I'm writing this while cooking the lamb we're going to eat on the 13th. It's been slow cooking for 3 hours and it's like 4am so I'm getting a little delirious - I hope this all makes sense. We've now written so many letters that it's hard to find more ways to describe everything great that you are - or at least hard for me, uninspired with a bad vocabulary. I thought it'd be good to talk about myself a little - and my feelings - and I know you know how much harder that it is for me than for you.
Earlier on in our relationship - I sometimes used to worry if I really loved you, or if I was just fulfilling a role of someone loving someone, if that makes sense. It wasn't about you - I think I had the impression that I was too passionless or weird to truly love anyone - even my family, and my whole life I'd have to fulfill all these roles - son, brother, boyfriend out of some misplaced sense of duty, and not a genuine love, whatever that means.
Part of the reason was something you said which really was true - at the start of any relationship you're obsessed with each other. I think I was really obsessed with you. You were so mature and responsible - and you just knew what to do and what to say and I felt so clumsy (emotionally not physically I'm very balanced and poised.) I really admired you - I thought you could do nothing wrong. This view, I think, stopped me from perceiving you entirely as you are, and just this ideal - someone perfect, who knew everything.

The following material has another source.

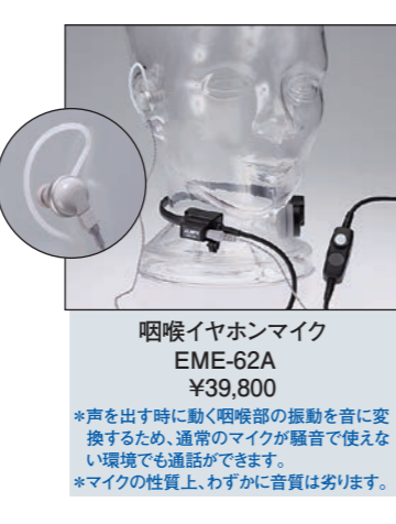
咽喉イヤホンマイク EME-62A ¥39,800 *声を出す時に動く咽喉部の振動を音に変換するため、通常のマイクが騒音で使えない環境でも通話ができます。 *マイクの性質上、わずかに音質は劣ります。

Anytime something you did hurt me, even if it was minor, it was so weird to me - becaause it was so incongruent with this view I'd built up of you in my head.
I don't know when it was - I think a few months ago, I was sitting around thinking, which you know I rarely do. This is going to sound goofy, but I think for the first time, I understood what I'd been doing, and I finally started thinking of you as a normal human being, and not this ideal (I think I'm phrasing that wrong, but I hope you get what I mean.) I understood that of course you, like anyone else, had flaws - but it only served to contextualise everything great you did and you are. It made me appreciate all your strengths - how sweet, how loving you are, how cute your laugh is, how easy it is to love you - because you're just like anyone else, and you're still such a great girlfriend.
This is a little like that meme that says "man does shrooms and discovers empathy", I know - and it's embarassingly a little true for me - but its "man dates Aneilia and discovers empathy". Sometimes I think when I was younger, I was an automaton who only had like 3 emotions - (hungry/thirsty/tired/sad, happy, horny). Getting older - and of course meeting you, it's like I've unlocked 30 new ones and sometimes it confuses and scares me. I don't think I had it in me to get jealous before, or find things cute, or want to keep someone safe and happy like I do with you. Not to be too cliche, but it was like living in black and white before you .
It would mean so much to me if we stayed together for a long time - but even if we don't, I want you to know how grateful I am for you. There are so many little things about you, things you've said - that have fundamentally wormed into my brain and I'll always keep those fondly.
My clothes are in the washing machine right now - my mum used to always tell me you have to put two washing pods to make sure the clothes are properly clean - sometime last year, I think you saw me putting 2 pods into my circuit laundry, and you told me that one pod is more than enough. You were right, as always, and it's dumb shit like this that I think about all the time. Every aspect of my life is now coloured with a little bit of Aneilia - and with my autisticly good memory, I don't know if that'll change for a long time.
Every day I find you more beautiful and I really do love you more. I hope you're having a great day today, and you can feel how much I love you. At the bottom of this page is the first spotify playlist I made for you - I've been listening to it a lot recently. We should make a new one together, so I can listen to it and think of you when we're apart.